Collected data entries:
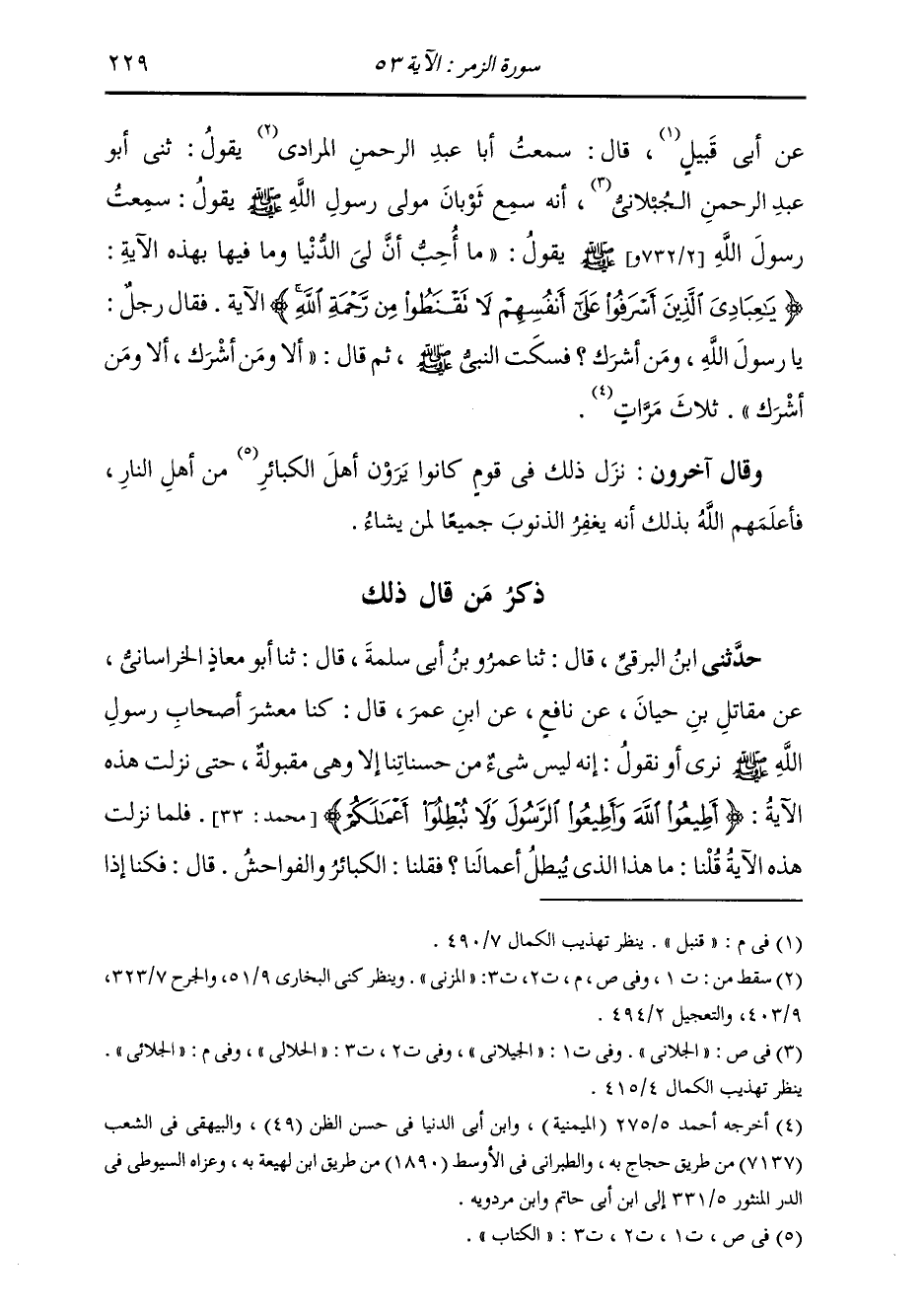ذِكْرُ مَنْ قَالَ ذَلِكَ: حَدَّثَنِي ابْنُ الْبَرْقِيِّ، قَالَ: ثنا عَمْرُو بْنُ أَبِي سَلَمَةَ، قَالَ: ثنا أَبُو مُعَاذٍ الْخُرَاسَانِيُّ، عَنْ مُقَاتِلِ بْنِ حَيَّانَ، عَنْ نَافِعٍ، عَنِ ابْنِ عُمَرَ، قَالَ: " كُنَّا مَعْشَرَ أَصْحَابِ رَسُولِ اللَّهِ صَلَّى اللهُ عَلَيْهِ وَسَلَّمَ نَرَى أَوْ نَقُولُ: إِنَّهُ §لَيْسَ شَيْءٌ مِنْ حَسَنَاتِنَا إِلَّا وَهِيَ مَقْبُولَةٌ، حَتَّى نَزَلَتْ هَذِهِ الْآيَةُ {أَطِيعُوا اللَّهَ وَأَطِيعُوا الرَّسُولَ وَلَا تُبْطِلُوا أَعْمَالَكُمْ} [محمد: 33] فَلَمَّا نَزَلَتْ هَذِهِ الْآيَةُ قُلْنَا: مَا هَذَا الَّذِي يُبْطِلُ أَعْمَالَنَا؟ فَقُلْنَا: الْكَبَائِرَ وَالْفَوَاحِشَ، قَالَ: فَكُنَّا إِذَا -[230]- رَأَيْنَا مَنْ أَصَابَ شَيْئًا مِنْهَا قُلْنَا: قَدْ هَلَكَ، حَتَّى نَزَلَتْ هَذِهِ الْآيَةُ {إِنَّ اللَّهَ لَا يَغْفِرُ أَنْ يُشْرَكَ بِهِ وَيَغْفِرُ مَا دُونَ ذَلِكَ لِمَنْ يَشَاءُ} [النساء: 48] فَلَمَّا نَزَلَتْ هَذِهِ الْآيَةُ كَفَفْنَا عَنِ الْقَوْلِ، فِي ذَلِكَ، فَكُنَّا إِذَا رَأَيْنَا أَحَدًا أَصَابَ مِنْهَا شَيْئًا خِفْنَا عَلَيْهِ، إِنْ لَمْ يُصِبْ مِنْهَا شَيْئًا رَجَوْنَا لَهُ " وَأَوْلَى الْأَقْوَالِ فِي ذَلِكَ بِالصَّوَابِ قَوْلُ مَنْ قَالَ: عَنَى تَعَالَى ذِكْرُهُ بِذَلِكَ جَمِيعَ مَنْ أَسْرَفَ عَلَى نَفْسِهِ مِنْ أَهْلِ الْإِيمَانِ وَالشِّرْكِ، لِأَنَّ اللَّهَ عَمَّ بِقَوْلِهِ {يَا عِبَادِيَ الَّذِينَ أَسْرَفُوا عَلَى أَنْفُسِهِمْ} [الزمر: 53] جَمِيعَ الْمُسْرِفِينَ، فَلَمْ يُخَصِّصْ بِهِ مُسْرِفًا دُونَ مُسْرِفٍ فَإِنْ قَالَ قَائِلٌ: فَيَغْفِرُ اللَّهُ الشِّرْكَ؟ قِيلَ: نَعَمْ إِذَا تَابَ مِنْهُ الْمُشْرِكُ وَإِنَّمَا عَنَى بِقَوْلِهِ {إِنَّ اللَّهَ يَغْفِرُ الذُّنُوبَ جَمِيعًا} [الزمر: 53] لِمَنْ يَشَاءُ، كَمَا قَدْ ذَكَرْنَا قَبْلُ أَنَّ ابْنَ مَسْعُودٍ كَانَ يَقْرَؤُهُ: وَأَنَّ اللَّهَ قَدِ اسْتَثْنَى مِنْهُ الشِّرْكَ إِذَا لَمْ يَتُبْ مِنْهُ صَاحِبُهُ، فَقَالَ: إِنَّ اللَّهَ لَا يَغْفِرُ أَنْ يُشْرَكَ بِهِ، وَيَغْفِرُ مَا دُونَ ذَلِكَ لِمَنْ يَشَاءُ، فَأُخْبِرَ أَنَّهُ لَا يَغْفِرُ الشِّرْكَ إِلَّا بَعْدَ تَوْبَةٍ بِقَوْلِهِ: {إِلَّا مَنْ تَابَ وَآمَنَ وَعَمِلَ صَالِحًا} [مريم: 60] فَأَمَّا مَا عَدَاهُ فَإِنَّ صَاحِبَهُ فِي مَشِيئَةِ رَبِّهِ، إِنْ شَاءَ تَفَضَّلَ عَلَيْهِ، فَعَفَا لَهُ عَنْهُ، وَإِنْ شَاءَ عَدَلَ عَلَيْهِ فَجَازَاهُ بِهِ
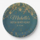 Plaques de papier personnalisées de fête d'anniversaire customisées pour le 50e anniversaire d'une femme avec des lampes à cordes dorées scintillantes et un bokeh pétillant sur un arrière - plan turquoise audacieux. Ce modèle est conçu pour que vous puissiez modifier n'importe quel texte, ce qui le rend parfait pour une fête célébrant n'importe quel âge.
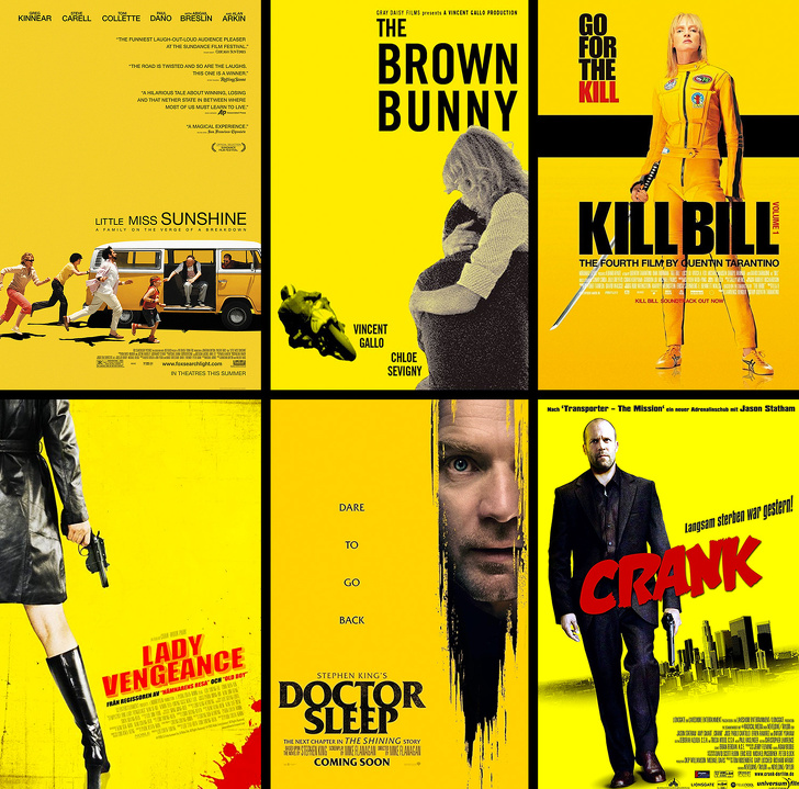 Жовтий — це не тільки колір сонця, радості і позитиву. У поєднанні з чорним він є попереджувальним кольором. Не дарма ж попереджувальні знаки представляють з себе чорні символи на жовтому фоні («Небезпечно. Радіоактивні речовини», «Небезпека ураження електричним струмом» та багато інших). Згадайте хоча б забарвлення таких жалких комах, як оса, бджола, джміль. Їх забарвлення транслює: «небезпечно!» Такий же підхід несуть і подібні постери — вони привертають увагу, а глядач підсвідомо зчитує сигнал про те, що героям фільму загрожує якась небезпека.
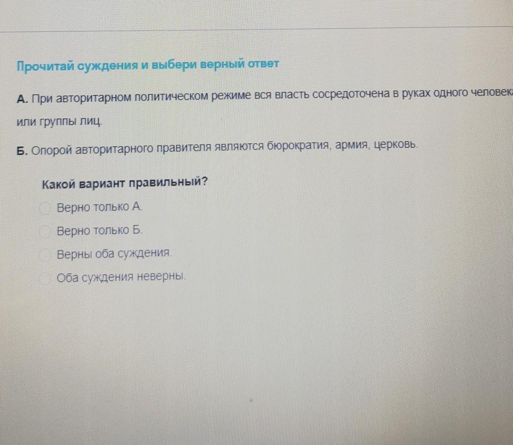 Верны оба суждения, так как оба - характеристики авторитарного политического режима
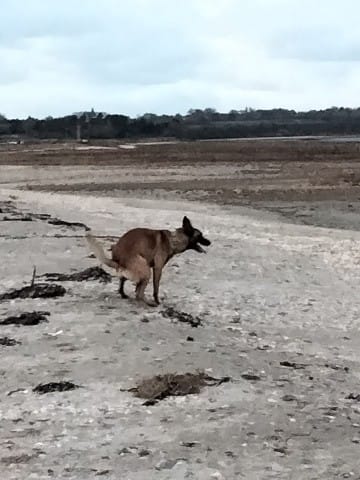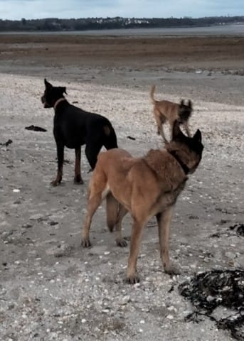 J'avais commencé à apprendre à Rocky à y aller mais définitivement, ça n'est pas sa tasse de thé ( par contre...il a bu de l'eau de mer et demande honteusement à sortir dehors car pipi urgent ahah décidément, il n'a pas remarqué que Berger s'était abstenu d'en boire ! )
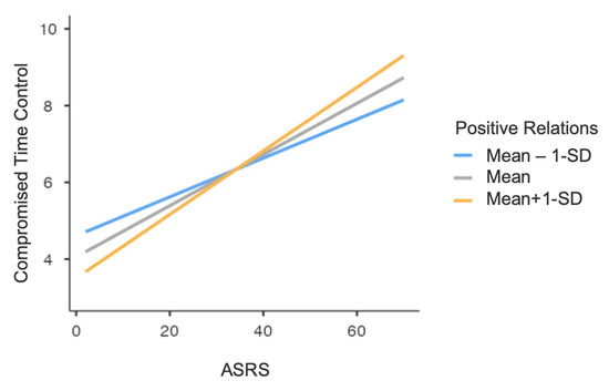 Finally, a significant moderation effect of PWB Positive Relations was found in the association between ADHD symptomatology and the CTC dimension of the IAT (F(1,439) = 4.14, p = 0.04). Specifically, at a higher level of PWB Positive Relations, the effect of ADHD symptoms on time control related to Internet use was higher; in other words, higher ADHD symptoms severity increased IAT Compromised Time Control level, and this effect was stronger when PWB Positive Relations scores were higher (Figure 5).
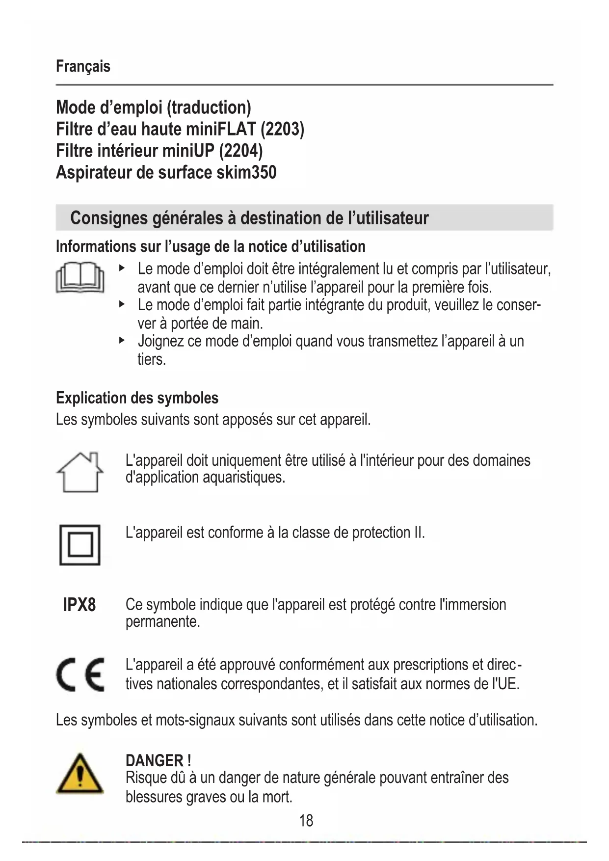 Mode d’emploi (traduction) Filtre d’eau haute miniFLAT (2203) Filtre intérieur miniUP (2204) Aspirateur de surface skim350 Consignes générales à destination de l’utilisateur Informations sur l’usage de la notice d’utilisation ▶ Le mode d’emploi doit être intégralement lu et compris par l’utilisateur, avant que ce dernier n’utilise l’appareil pour la première fois. ▶ Le mode d’emploi fait partie intégrante du produit, veuillez le conser
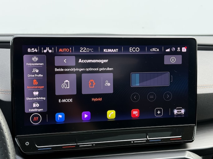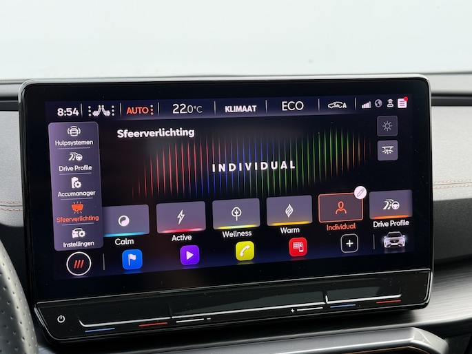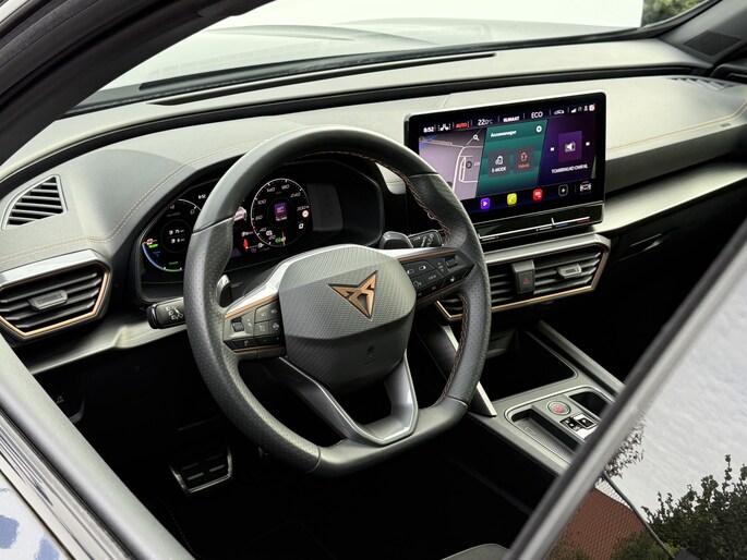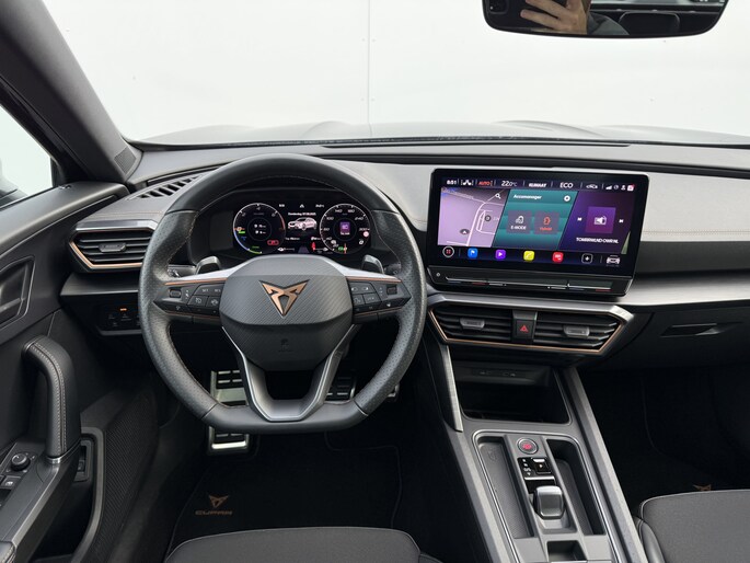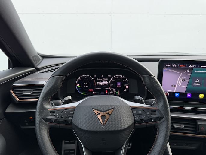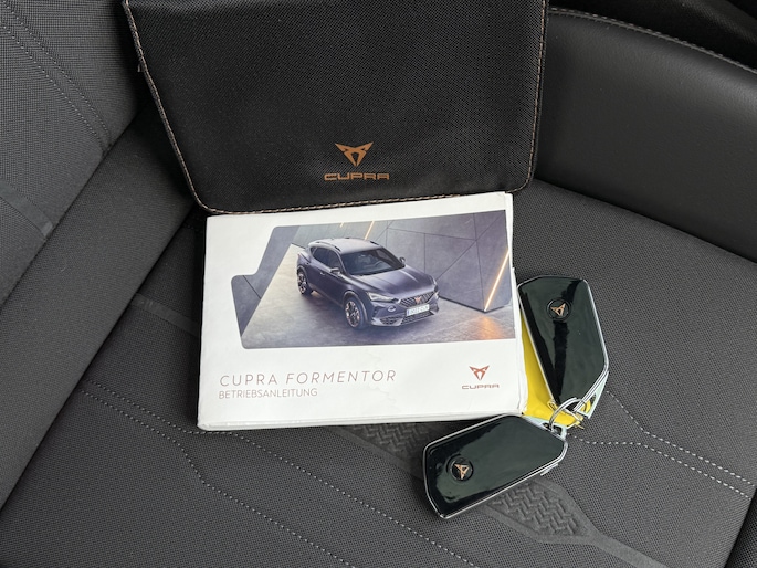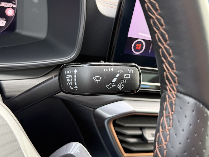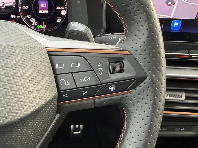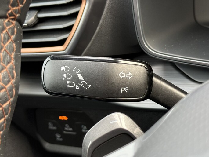 Deze auto is voorzien van innovatieve systemen die u onderweg begeleiden en beschermen. In het instrumentarium kunt u bovendien de verkeersborden zien die u onderweg tegenkomt. Zo helpt deze CUPRA u om veiliger te rijden. Deze CUPRA Formentor is ook behulpzaam als het gaat om een rechte koers. Het Lane-keeping systeem signaleert en corrigeert als u onbedoeld de rijstrooklijnen dreigt te overschrijden. In een noodsituatie waarschuwt forward collision warning bij een dreigende aanrijding met een voorligger. In deze CUPRA vinden we verder een dodehoekdetectie, hill hold functie, vermoeidheidsherkenning, autonoom remsysteem en bandenspanningcontrolesysteem.
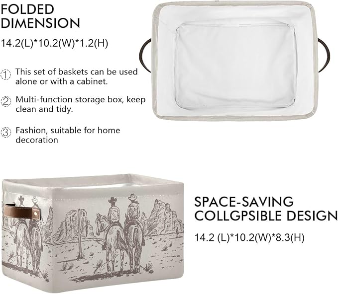Western Desert Cowboy Storage Basket Cube Storage Bins Organizer Bag Collapsible Closet Shelf Baskets with handle for Baby Cloth Pet Toy Book 14.2×10.2×8.3 IN
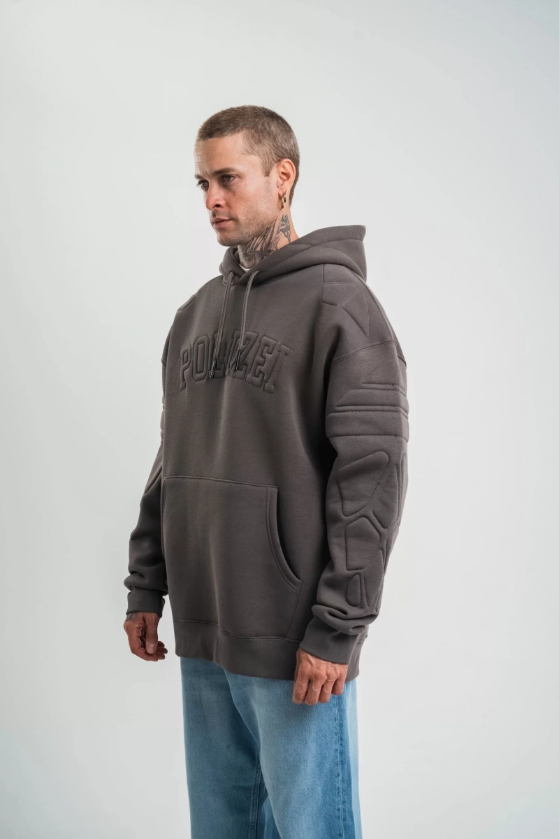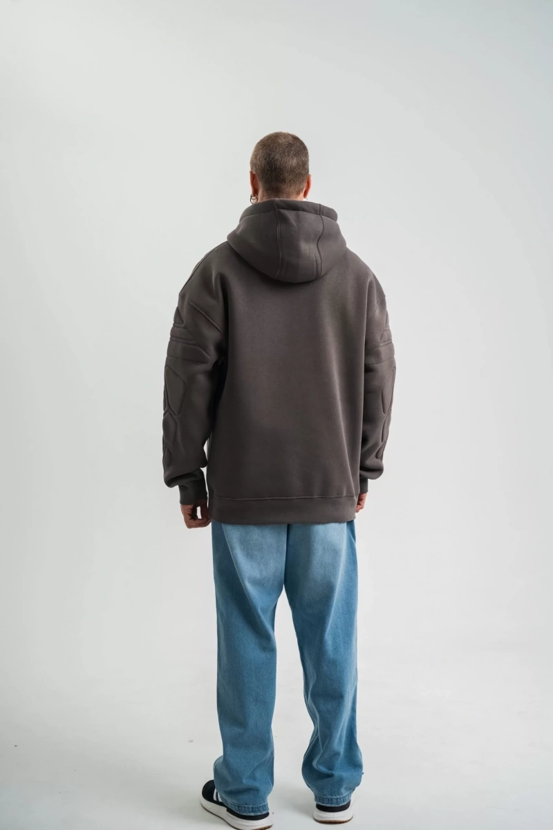 Double Oversize Kapşonlu Nakışlı SweatShirt - Füme

WHAT IS REQUIRED: Please retype, exactly and only, the lines from the one holding "Deze auto is" to the end of the entries, both ends included, without any pictures.

SOLVED EXERCISE:
 Deze auto is voorzien van innovatieve systemen die u onderweg begeleiden en beschermen. In het instrumentarium kunt u bovendien de verkeersborden zien die u onderweg tegenkomt. Zo helpt deze CUPRA u om veiliger te rijden. Deze CUPRA Formentor is ook behulpzaam als het gaat om een rechte koers. Het Lane-keeping systeem signaleert en corrigeert als u onbedoeld de rijstrooklijnen dreigt te overschrijden. In een noodsituatie waarschuwt forward collision warning bij een dreigende aanrijding met een voorligger. In deze CUPRA vinden we verder een dodehoekdetectie, hill hold functie, vermoeidheidsherkenning, autonoom remsysteem en bandenspanningcontrolesysteem.
Western Desert Cowboy Storage Basket Cube Storage Bins Organizer Bag Collapsible Closet Shelf Baskets with handle for Baby Cloth Pet Toy Book 14.2×10.2×8.3 IN
 Double Oversize Kapşonlu Nakışlı SweatShirt - Füme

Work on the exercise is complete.